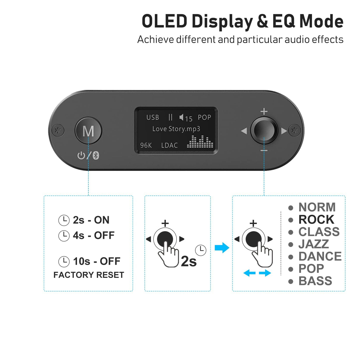 Ymoo Dac Bluetooth 5.1 Receiver,Ldac Aptx 30Ms Low Latency,Optical Coax Rca 3.5Mm Jack Hi-Res Input, Lossless Wireless Audio Ada
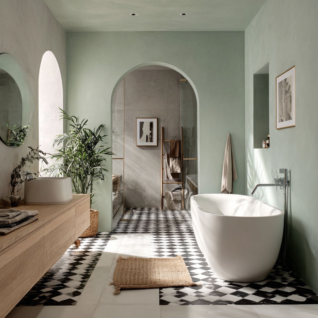 6. Sage-and-White Checkerboard Tile Bathroom Calm
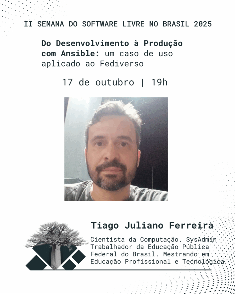 Tiago j. Ferreira. Graduado em Ciência da Computação com mestrado em Educação Profissional e Tecnológica, atua como Técnico em TI no IFSC Câmpus Tubarão nas áreas de administração de sistemas Linux (SysAdmin), redes de computadores e suporte. Tem experiência de cerca de 20 anos nas áreas de redes de computadores, DevOps, infraestrutura como código e segurança da informação. Áreas de interesse: redes e sistemas distribuídos, infraestruturas descentralizadas, software livre, pedagogias críticas e trabalho.
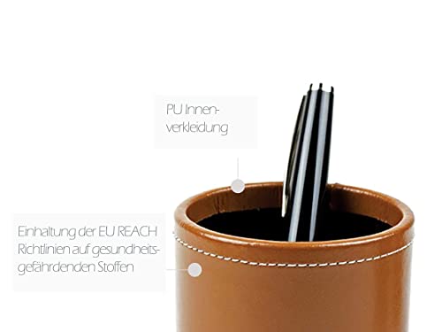 DELMON VARONE - Coppetta per matite in pelle premium Cambridge Top Grain marrone, portapenne con rivestimento interno in PU e lato inferiore in pile antiscivolo per scrivania e ufficio
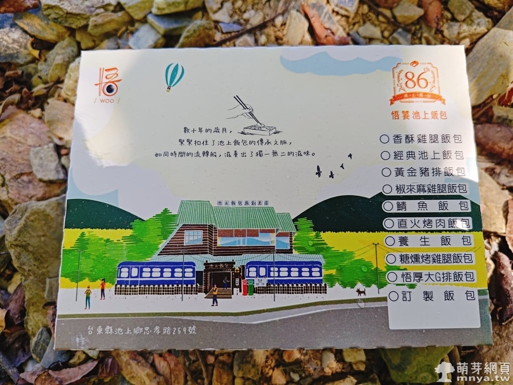 根據官網敘述,「悟饕池上飯包」承襲 1939 年起池上飯包的悠久歷史,以在地池上米為基底,搭配各式經典配菜,如卜肉、烤肉乾與炸蝦餅,展現台灣鐵道便當的原味精神。品牌標誌中的「悟」象徵對米食文化的思考與用心,融合筷子、文化底蘊與人本關懷。1999 年正式命名為「悟饕池上飯包」,積極推動全台連鎖及海外發展,堅持「飯包是做給出外人吃的,一定要用心做」的理念,讓家鄉的溫暖滋味陪伴每一位旅人。這次摸的基石靠近蘇澳,順路來外帶便當到目標停車處享用。
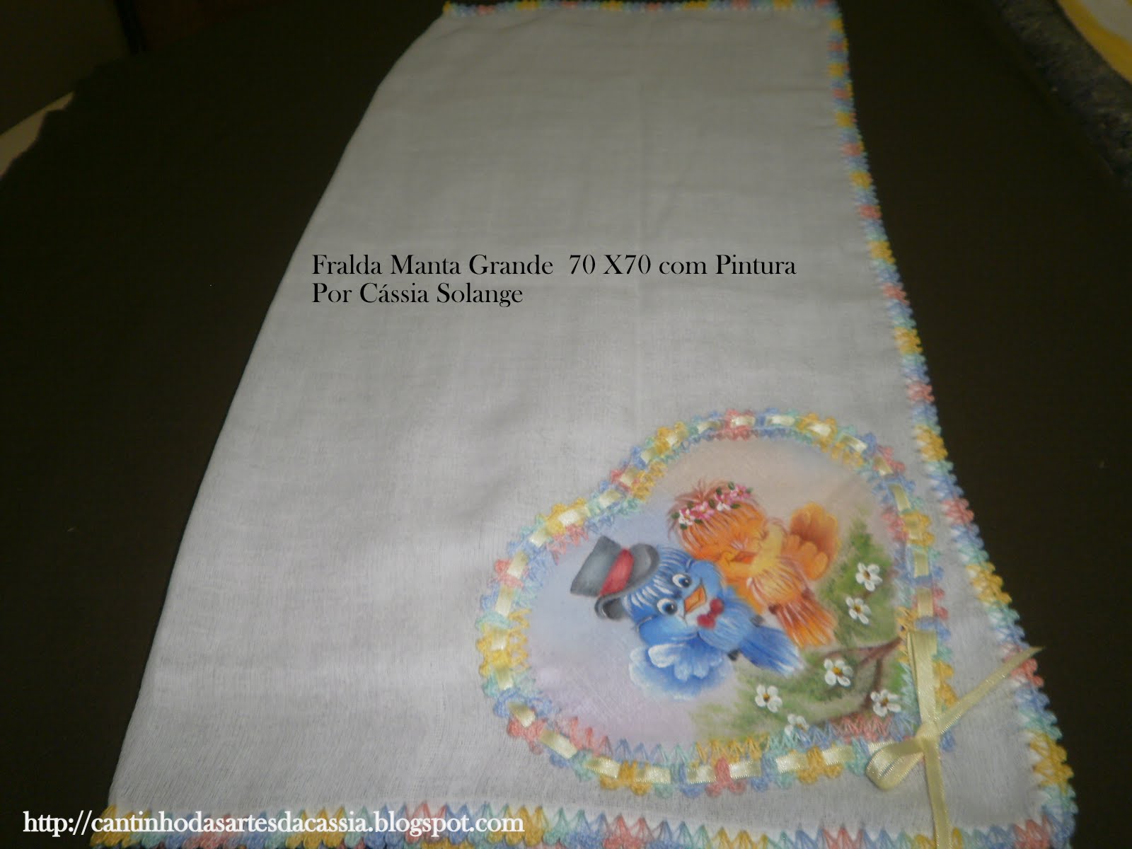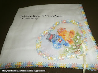 Olha as fraldas com aplicação pintadas, bico de crochê com linha de algodão de boa qualidade, e fita de cetim.

* WORK REQUIRED
Please output the lines from the line that contains "DELMON VARONE - Coppetta" through the end of the records, both ends included, exactly and with no pictures.

* REPLY TO THE TASK
 DELMON VARONE - Coppetta per matite in pelle premium Cambridge Top Grain marrone, portapenne con rivestimento interno in PU e lato inferiore in pile antiscivolo per scrivania e ufficio
 根據官網敘述,「悟饕池上飯包」承襲 1939 年起池上飯包的悠久歷史,以在地池上米為基底,搭配各式經典配菜,如卜肉、烤肉乾與炸蝦餅,展現台灣鐵道便當的原味精神。品牌標誌中的「悟」象徵對米食文化的思考與用心,融合筷子、文化底蘊與人本關懷。1999 年正式命名為「悟饕池上飯包」,積極推動全台連鎖及海外發展,堅持「飯包是做給出外人吃的,一定要用心做」的理念,讓家鄉的溫暖滋味陪伴每一位旅人。這次摸的基石靠近蘇澳,順路來外帶便當到目標停車處享用。
 Olha as fraldas com aplicação pintadas, bico de crochê com linha de algodão de boa qualidade, e fita de cetim.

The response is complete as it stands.